─── Data block ───

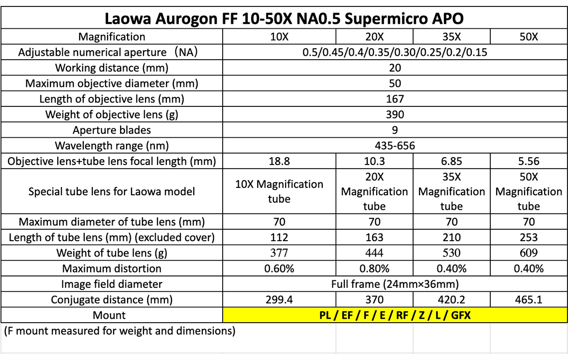 LAOWA AUROGON FF 10-50X NA0.5 SUPERMICRO
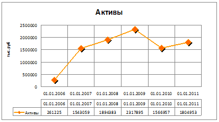 Динамика изменения активов аналогична обязательствам – резкое снижение в 2009 и относительно слабый рост в 2010.
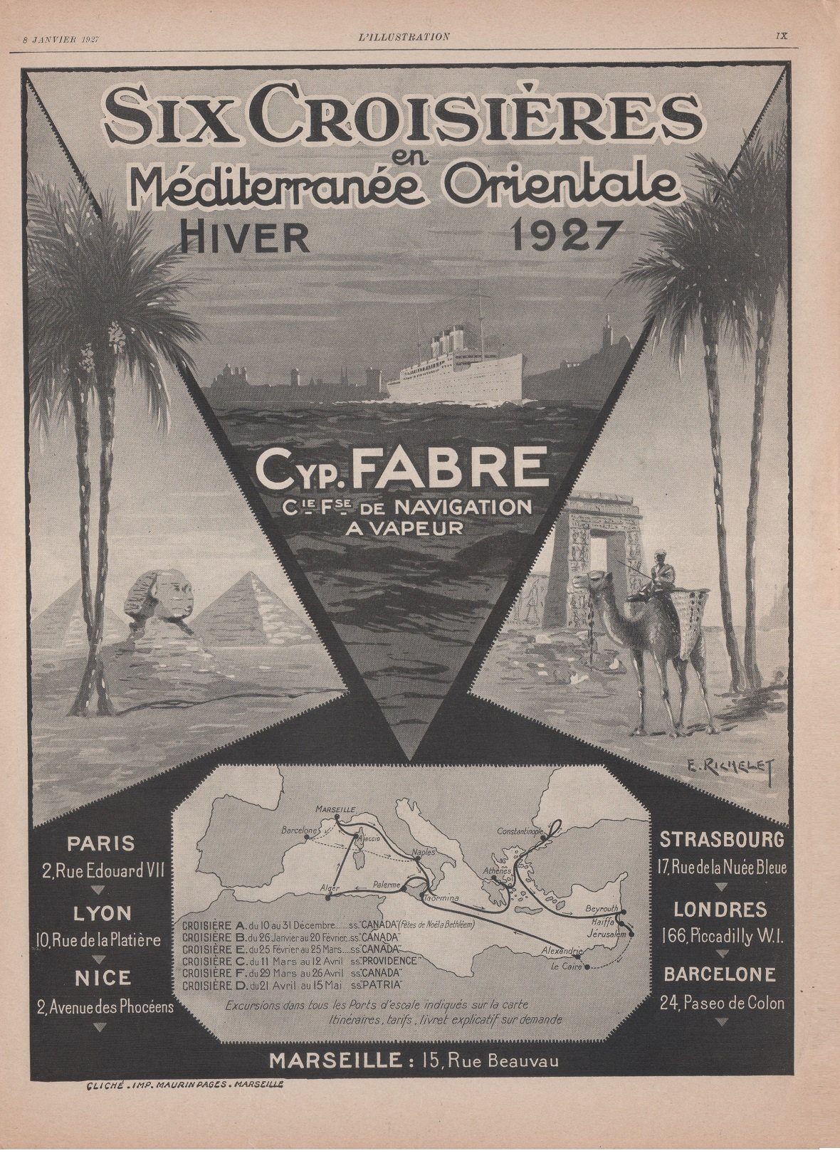 Croisieres Cyp. Fabre, C.ie F.se de Navigation / Bisquits LU. Advertising 1926

───

About this task: The required answer is the material repeated exactly, with no images in it.

Response for this exercise:
 LAOWA AUROGON FF 10-50X NA0.5 SUPERMICRO
 Динамика изменения активов аналогична обязательствам – резкое снижение в 2009 и относительно слабый рост в 2010.
 Croisieres Cyp. Fabre, C.ie F.se de Navigation / Bisquits LU. Advertising 1926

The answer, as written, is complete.